# Toro ccr 2450 help



## lawnkid14 (Nov 22, 2009)

Hello I have a newer toro ccr2450 with the rtek motor. It wont idle all it will do is build up rps really fast until auger is engaged again. I just cant seem to figure it out hope you guys can help me out before the snow really starts coming.


----------



## dieselss (Jan 3, 2008)

Is that a 2 stroke or 4 stroke motor?


----------



## WIPensFan (Jan 31, 2009)

Should be a 2 stroke. I believe it's the blade governor. It's located behind the pull chord and engine cover. quite a bit to take apart to get to it. Could just be sticking.


----------



## dieselss (Jan 3, 2008)

True,,could. I'm thinking more simple tho. Ff, carb bowl. Bad gas


----------



## WIPensFan (Jan 31, 2009)

dieselss;1376420 said:


> True,,could. I'm thinking more simple tho. Ff, carb bowl. Bad gas


I'm no expert, but I've had one do the same and narrowed it to that.


----------



## dieselss (Jan 3, 2008)

Usually that's it.
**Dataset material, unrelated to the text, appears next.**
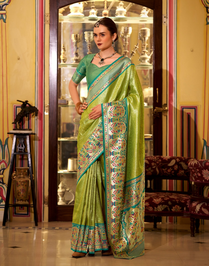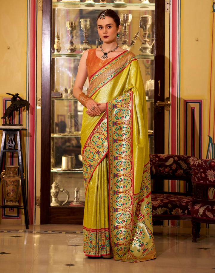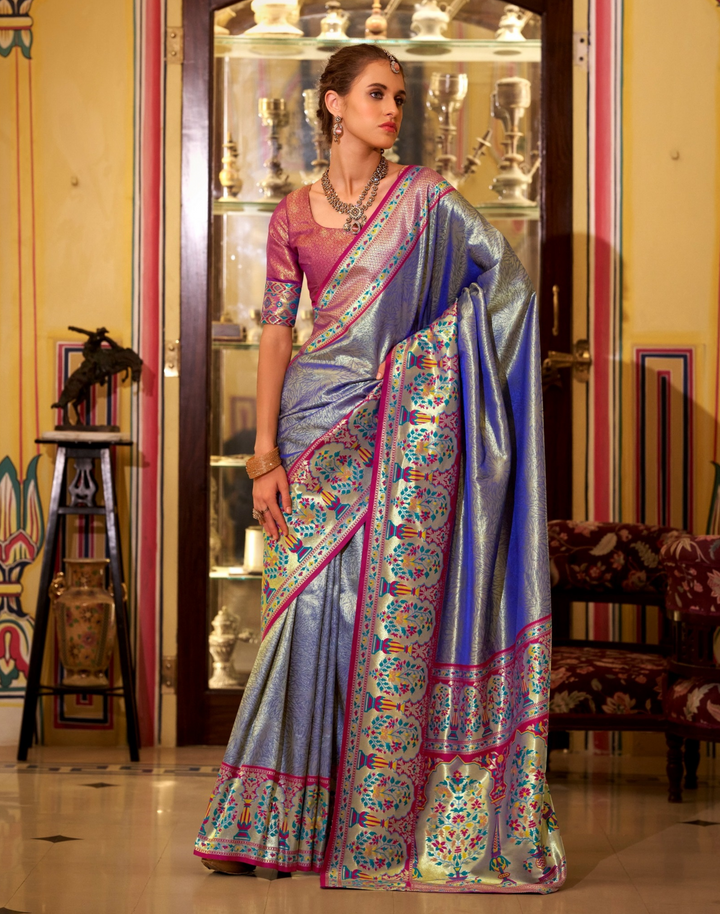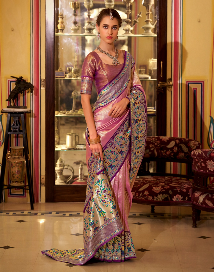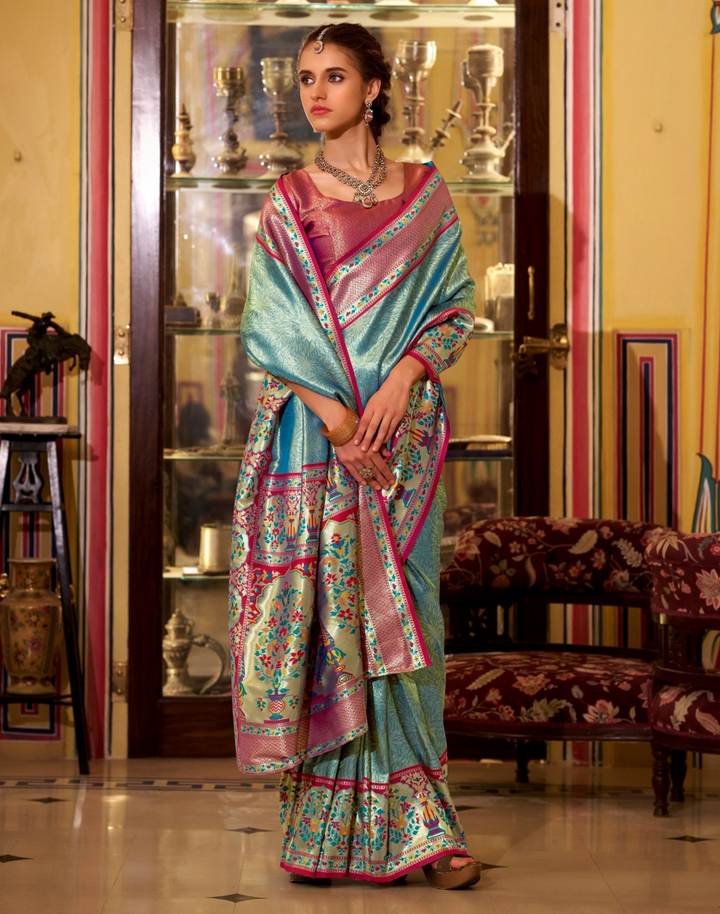 Work : This Saree Is Embellished With Paithani Woven Work Border And Pallu

Just remember KISS. 99% of time its gas/gas filter and plug .


----------



## lawnkid14 (Nov 22, 2009)

its a 2 stroke so it could be that blade fin, why would it be that fin any how. it works fine under load.


----------



## cet (Oct 2, 2004)

Did you put stabilizer in the fuel before you put it away. I bet the carb is all gummed up.


----------



## dieselss (Jan 3, 2008)

Try plug, Ff, and drain and fresh gas.


----------



## Brian Young (Aug 13, 2005)

Mine did the same exact thing this year and I put stabil in, cleaned carb, took apart the carb, fresh fuel, new filter and it still does it so I would say the paddle gov. as well.


----------



## dieselss (Jan 3, 2008)

You should be able to move the gov. Without taking apart the cover. Just to see if its free, if the arm doesn't move then yea is say that's your problem.


----------



## lawnkid14 (Nov 22, 2009)

Could it be that spring as well I remember it being all twisted and worn


----------



## dieselss (Jan 3, 2008)

At the carb?? The spring that runs in the linkage? Or the spring that goes to the arm ?


----------



## lawnkid14 (Nov 22, 2009)

Well its the spring that is attached to a plate that can be adjusted and then it foes to the carb


----------



## dieselss (Jan 3, 2008)

Yea. Start there replace that. That could be the main issue .


----------



## lawnkid14 (Nov 22, 2009)

If that isn't it what could it be then


----------



## dieselss (Jan 3, 2008)

If you have twisted and mangled parts,,,start there. That could be half/only problem you have remember KISS


----------



## lawnkid14 (Nov 22, 2009)

Also i removed that fin everything looks to be good and is moved freely 

bump to top


----------



## dieselss (Jan 3, 2008)

K replace spring then, Ff , plug, drain gas fresh, take off carb bowl and clean.


----------



## lawnkid14 (Nov 22, 2009)

ff means fuel filter right


----------



## lawnkid14 (Nov 22, 2009)

bump to top


----------



## dieselss (Jan 3, 2008)

Didn't send but Ff means fuel filter. So what's the status so far?


----------



## lawnkid14 (Nov 22, 2009)

status is i ordered new spring and flap, took of carb cleaned it out and flushed tank lets hope it will work


----------



## dieselss (Jan 3, 2008)

Ok keep us posted


----------



## lawnkid14 (Nov 22, 2009)

i will let you know


----------



## lawnkid14 (Nov 22, 2009)

so it ended up being a throttle plate in the carb however it wont start now. new plug new switch it feels like the coil is grounding through the frame have any ideas


----------



## Silverstreak (Oct 25, 2007)

there isnt much to it, check for spark first....then check for freyed wires on the coil wire where it goes under the motor cover, if you want disconnect the wire leading from the switch down to under the motor, to shut it off touch the wire to the motor (ground)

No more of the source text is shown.